Takim samochodem nie można kierować bezpiecznie. Zalegający na przedniej i bocznych szybach śnieg przecież bardzo ogranicza pole widzenia kierowcy. Możemy nie dostrzec pieszego wkraczającego na przejście albo samochodu zbliżającego się boczną drogą do skrzyżowania. Nic nie widzimy również przez lusterka.
Kiedy podczas jazdy karoseria samochodu trochę ogrzeje się, taka śnieżna czapa zsunie się z dachu na przednią szybę podczas hamowania i całkowicie pozbawi nas widoczności.
Nieodśnieżony i nieodlodzony samochód stwarza zagrożenie także dla innych pojazdów. Dlaczego? Popatrzcie:
Pęd powietrza potrafi oderwać od dachu częściowo odmarznięte tafle lodu, a skutek widzimy. Na pewno nie chcielibyście, aby w szybę waszego auta uderzyły takie ciężkie lodowe bryły.
Podczas szybkiej jazdy na autostradzie czy drodze ekspresowej spadający z samochodu lód może skłonić któregoś z kierowców do gwałtownego hamowania albo raptownej zmiany pasa ruchu i karambol mamy gotowy.
Należy też pamiętać, że samochód musi mieć nie tylko odśnieżone wszystkie szyby, ale także światła i tablice rejestracyjne. Spójrzcie na jeszcze jeden filmik:
W tym aucie ledwo widać migający kierunkowskaz.

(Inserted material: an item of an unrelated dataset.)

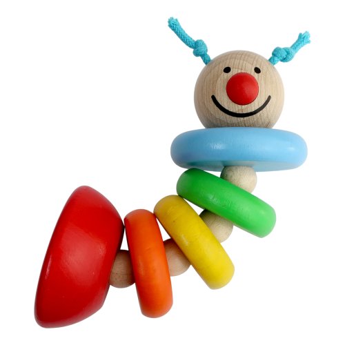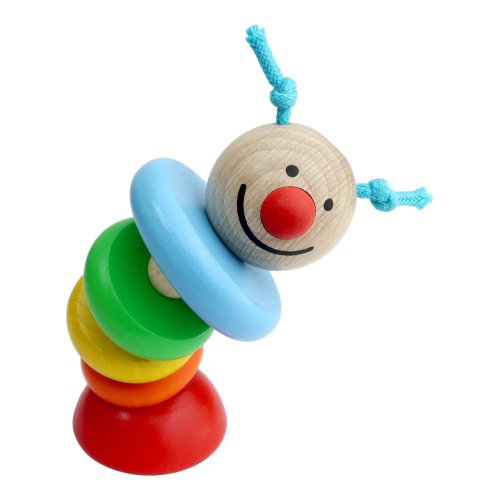 Dřevěná hračka s motivem housenky. Hlavní vlastnosti: vhodné i při procvičování motoriky rukouvýrobek splňuje požadavky EU na bezpečnost hračekvhodný pro děti od 6ti měsícůvýška figurky je 11,5 cm a je připevněna na papírové kartě
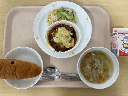 牛乳 ぶどうパン ムサカ フレンチサラダ レンズ豆のスープ

Przypomnę, że obecnie za nieprawidłowe odśnieżenie samochodu ograniczające kierowcy widoczność grozi mandat do 500 zł i 6 punktów karnych, natomiast za nieczytelne tablice rejestracyjne 100 zł i 3 punkty karne.
Przede wszystkim jednak kierowca jadący takim niedbale odśnieżonym samochodem wystawia sobie świadectwo człowieka bez wyobraźni i drogowego egoisty.